Redefine Meat, an Israeli startup company, announced that high-end restaurants will be serving their 3D-printed plant-based "meat" products to diners in select areas of Europe. I don't know about you, but it's hard to figure out how you "print plant-based meat," but that's just what this innovative Israeli company has figured out how to do. And they say they specialize in "the world's first" whole cuts that resemble cuts of beef and lamb.
Most plant-based meat alternatives perhaps have the flavor of meat, but they don't have the texture. Redefine Meat claims to have "cracked the holy grail of the alternative meat industry." "New Meat," Redefine Meat's product line, includes whole cuts, burgers, sausages, lamb kebabs, and ground beef. Their goal is to become "the world's largest meat company by offering every single cut that a cow does."
Entrepreneurs Eschchar Ben-Shitrit and Adam Lahav produced their first "printed" steak in 2018. They have patented industrial-scale manufacturing technology that fully replicates beef, including the muscle structure of meat. The "ink" is a mix of pea protein, soy, beetroot, chickpeas, and coconut fat. The company found a way to utilize the fat in the plants to mimic beef fat and natural flavors and colors to duplicate the blood factor and juiciness in meat. The products are high in protein and have no cholesterol.
Redefine Meat aims to sell the specialized 3-D printers and ink cartridges to meat distributors worldwide, who will, in turn, produce and distribute the "meat" to eateries and other customers.
Dishes featuring "New Meat" will soon be on tables at Marco Pierre White's Steak Houses in the UK (22 restaurants established by celebrity chef Marco Pierre White), Brigadiers (an Indian restaurant in the UK, and Michelin-starred restaurants Ron Gastrobar in the Netherlands (started by Dutch chef and TV star Ron Blaauw). Redefine Meat is already on tables in Israel at more than 150 restaurants, including Coffee Bar and Hotel Montefiore in Tel Aviv. In addition, the company is working on launching in the US and Asia.

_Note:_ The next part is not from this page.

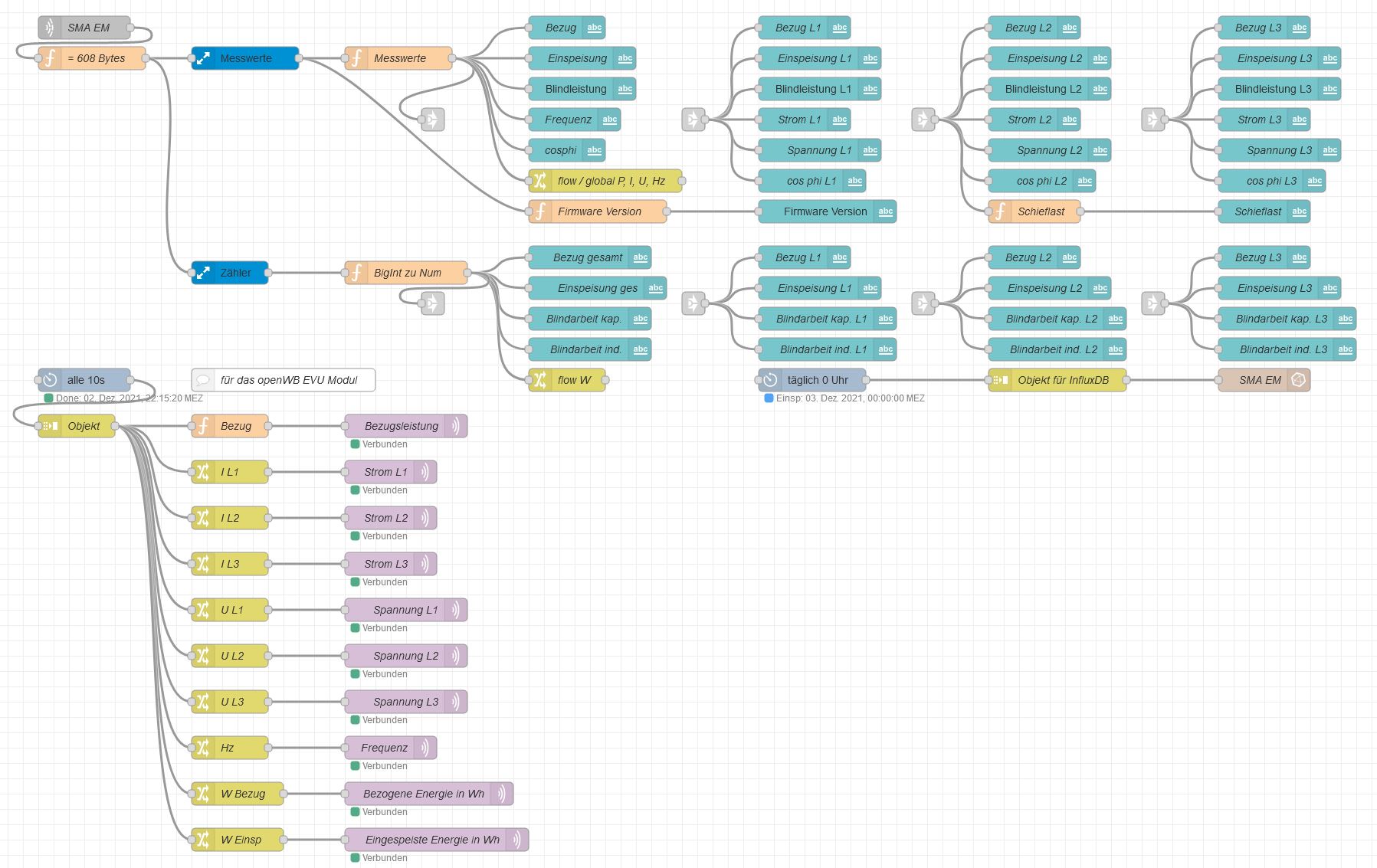 Da das MQTT EVU Modul ergänzt wurde, habe ich meinen Node-Red Flow erweitert.

Ninety percent of meat-eaters that participated in a blind taste test liked "New Meat" products. "For me, this is a gamechanger, as we can now serve another variety of high-quality meat to our customers that just happens to be made from plant-based ingredients," Dutch Chef Blaauw said. "Even now, my head is still spinning with the possibilities this meat creates for our menu."

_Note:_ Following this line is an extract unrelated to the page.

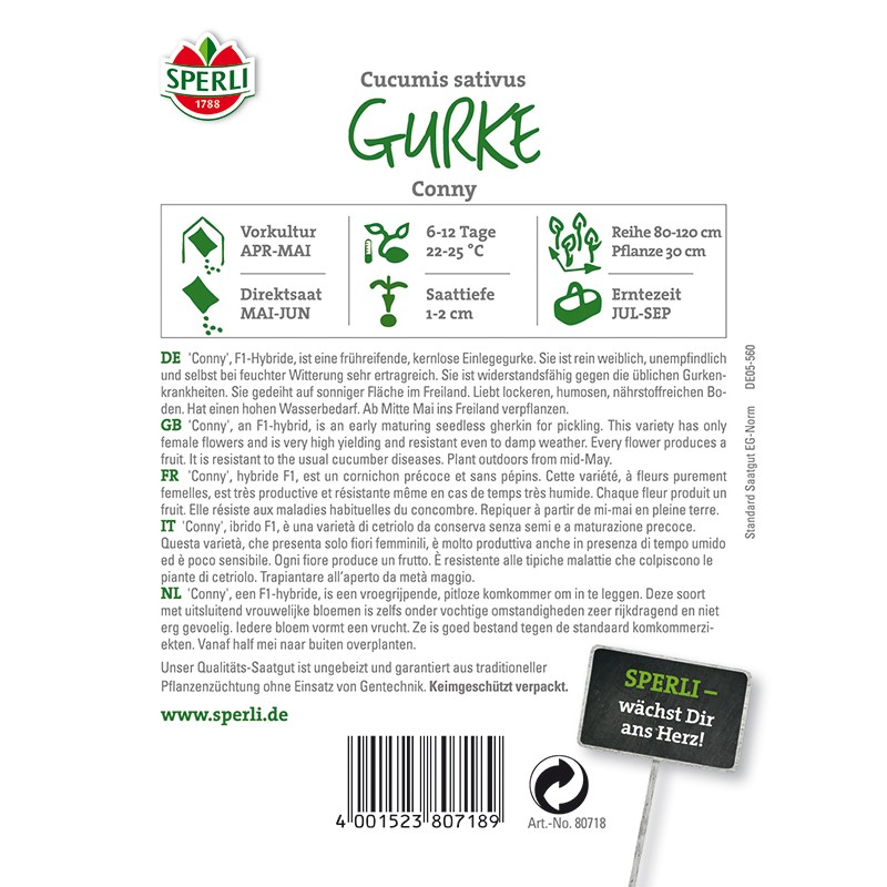 Csomag tartalma: 1 db Conny F1' savanyú uborka egy korai érésű, mag nélküli Hőmérséklettől és időjárástól függetlenül ez a tisztán nővirágú hibrid fajta magas hozamot hoz (minden virág egy-egy termést hoz), még nedves és hideg években is. Ideális ecetes és savanyú uborka készítéséhez. A fajta ellenáll az uborka rühének, az uborka mozaikvírusának és a lisztharmatnak. Ideális szabadföldi termesztésre. A tartalom kb. 25 növény számára elegendő.

The global substitute meat market is expected to reach $8.1 billion over the next five years, as consumers look for ways to reduce their meat intake for health, animal welfare, or environmental reasons, according to Allied Market Research.
And Israel appears to be pioneering and innovating in this arena as well. In addition to Redefine Meat "printing" plant-based "meat," another company in Israel, Aleph Farms, has found a way to "grow" meat in a laboratory using meat cells…producing meat without killing animals.